Not purchasing his first car until returning to Gamlingay, Wally and family often travelled by bus and remembers getting stuck in the snow in the winter of 1963 on their attempted return from Biggleswade to Cambridge.
Brother Jack owned a car, and also worked in Cambridge, though for the County Council as an architectural draughtsman after being in private practice until the Principal died. The two brothers travelled into Cambridge together for some years, and Betty Fuller was also able to get a lift, making it more convenient for her travelling in to her Bursar’s Secretarial position in Trinity College.

In 1976, when members of the Working Men’s Club wanted to extend their club with a lounge and alter the toilets, Wally designed the new space. It was originally an L shaped building of wooden construction, and that building had been purchased in Cardington, and transported by horse and cart to the village. It originally had a corrugated iron roof. The building was transformed by the modernisation, and the club we see today has once again been through extensive refurbishment within the last eighteen months. Shortly after involving himself in the extension, Wally took over as treasurer. Apart from a short break, he remains involved even now.

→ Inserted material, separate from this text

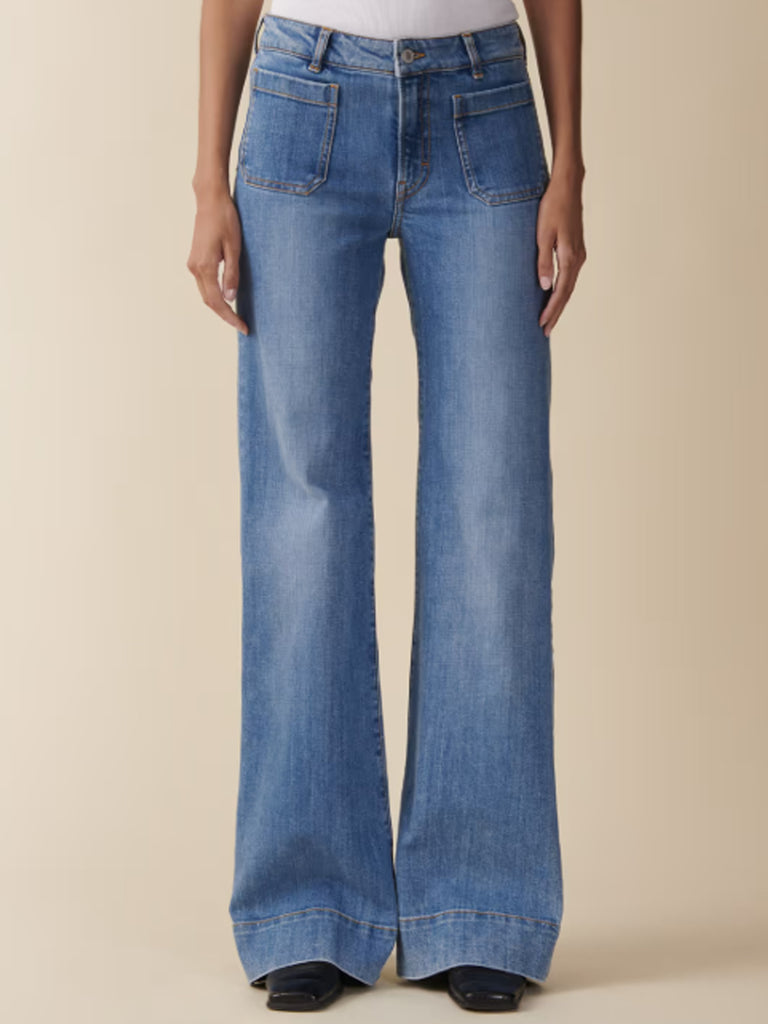 The St. Monica Low is a low-rise version of Jeanerica’s iconic fit, inspired by sailor styles of the late 1960s. Featuring patch pockets, flared legs, and a wide hemline, this style balances vintage influence with a modern silhouette.

1977 also saw him become Treasurer of the bowls Club, taking it over from the then Headmaster, Mr Robinson when he became unwell. Wally and his wife were both members of the team. The bowling green was originally located behind the Conservative Club on Waresley Road, and it moved to its present location when the playing fields were opened, providing far more space for the green. He remembers organising the Annual end of season dinner and dance at which up to 200 villagers attended and during the evening the yearly trophies were presented.

Wally was also treasurer of the British Legion in 1979, a position he still holds and has seen various secretaries, including Vic Dennis and Geoff Dickerson. Vic and Geoff organised the annual poppy day collection, a position now held by Sebastian Kindersley.

I am struck by the variety of social activities Wally has volunteered his time to support over the years, and the similarity with today is uncanny. There are many more living in Gamlingay than when Wally first left school, sought work and settled as a working, married man, but now as then, only a few members of our community offer their time to support and ensure there is a variety of activities available for us all to enjoy in our leisure time within Gamlingay. So, thank you Wally, not only for letting me follow the thread of your life from school through work and into your active retirement within the village, but also for enriching the lives of other villagers by this continued involvement over the years.